Gleichzeitig lieferte das Quartal auf der Makro-Seite bemerkenswerte Entwicklungen: Die Fed senkte den Leitzins dreimal in Folge und beendete den Bilanzabbau, während der längste Government Shutdown der US-Geschichte wochenlang die wichtigsten Wirtschaftsdaten blockierte – die Notenbank navigierte zeitweise im Blindflug. Gold und Silber setzten derweil ihre historische Rally fort, und die Aktienmärkte erreichten neue Rekorde.
Dieser Bericht ordnet das turbulente Schlussquartal ein und zieht zugleich die Bilanz des Gesamtjahres 2025 – eines Jahres, das blocktrainer.de als das „bisher wohl wichtigste Bitcoin-Jahr der Geschichte“ bezeichnete, obwohl der Kurs auf Jahressicht fiel. Wie dieser scheinbare Widerspruch aufzulösen ist, zeigt der Blick auf die Details.
DAS EREIGNIS DES QUARTALS
Der 10. Oktober: Anatomie eines historischen Flash-Crashs
Ein Post, der Milliarden bewegte
Die Vorgeschichte: Anfang Oktober hatte China weitreichende Exportkontrollen für Seltene Erden und andere kritische Güter angekündigt. Am 10. Oktober reagierte Präsident Trump auf Truth Social mit einer Drohung, die die Märkte kalt erwischte: Ab dem 1. November würden die USA zusätzliche Zölle von 100 Prozent auf chinesische Importe erheben – insgesamt also 130 Prozent – sowie Exportkontrollen für kritische Software einführen.
Die Reaktion war unmittelbar und heftig. Die Wall Street brach ein – doch während die Aktienbörsen ins Wochenende gingen, lief der Kryptomarkt im 24/7-Betrieb ungebremst weiter.
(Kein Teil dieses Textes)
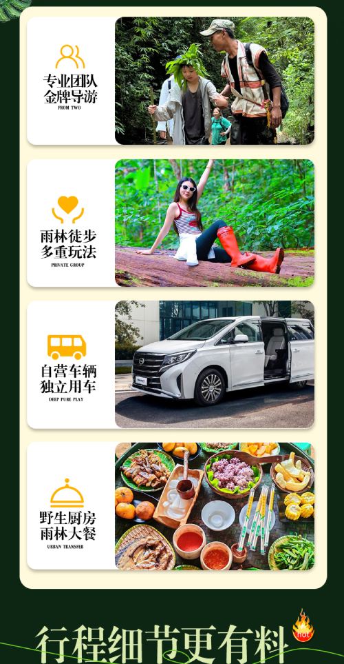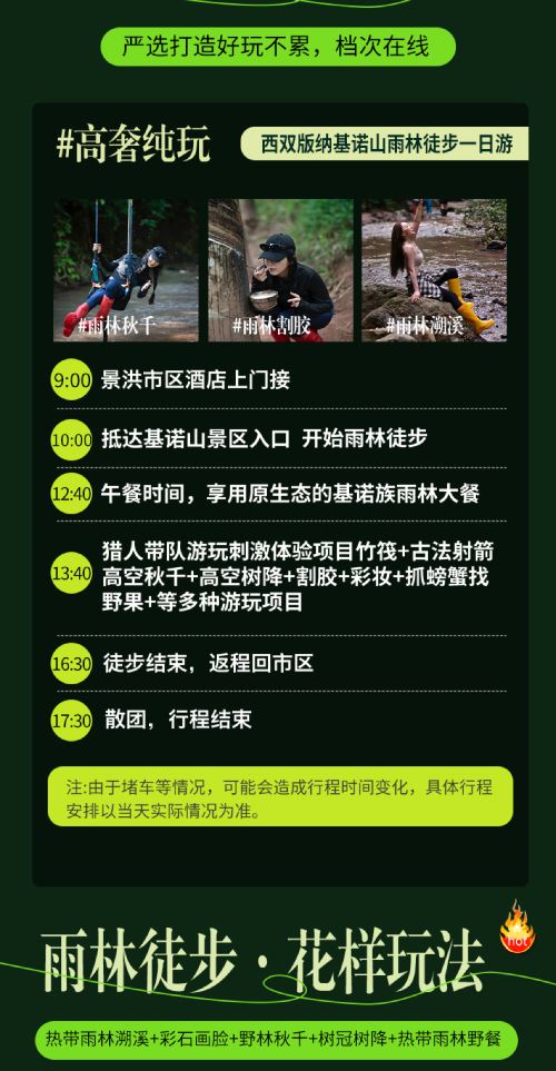 基诺山雨林徒步体验项目标准化服务,没有单项目收费,因此因天气,季节,项目维修等因素,有些项目没法参加不做单项退费,请知晓

Bitcoin stürzte von über 122.000 auf zeitweise unter 105.000 US-Dollar; kleinere Kryptowerte verloren binnen Stunden 40 bis 70 Prozent, bevor sie sich teilweise erholten.
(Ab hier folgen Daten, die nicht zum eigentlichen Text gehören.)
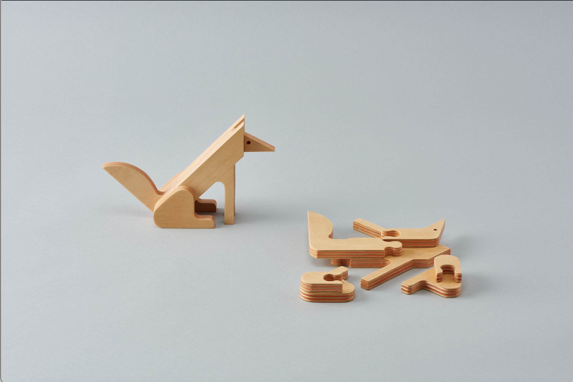 Maison Mirbel collabore avec PLYWOOD Laboratory depuis 2016, notamment autour des Animaux Puzzle (ours, renard et écureuil) ainsi que des plateaux vide-poches.

19 Milliarden Dollar in 24 Stunden: Das größte Liquidierungsevent aller Zeiten
Die eigentliche Dimension des Ereignisses zeigt sich in den Derivatedaten: Laut der Datenplattform Coinglass wurden binnen 24 Stunden gehebelte Positionen im Wert von 19,13 Milliarden US-Dollar zwangsliquidiert – mehr als 1,6 Millionen Trader waren betroffen, die große Mehrheit mit Wetten auf steigende Kurse. Blocktrainer.de wies zudem darauf hin, dass die tatsächliche Summe noch höher liegen dürfte, da große Börsen wie Binance nur eine Liquidationsorder pro Sekunde melden.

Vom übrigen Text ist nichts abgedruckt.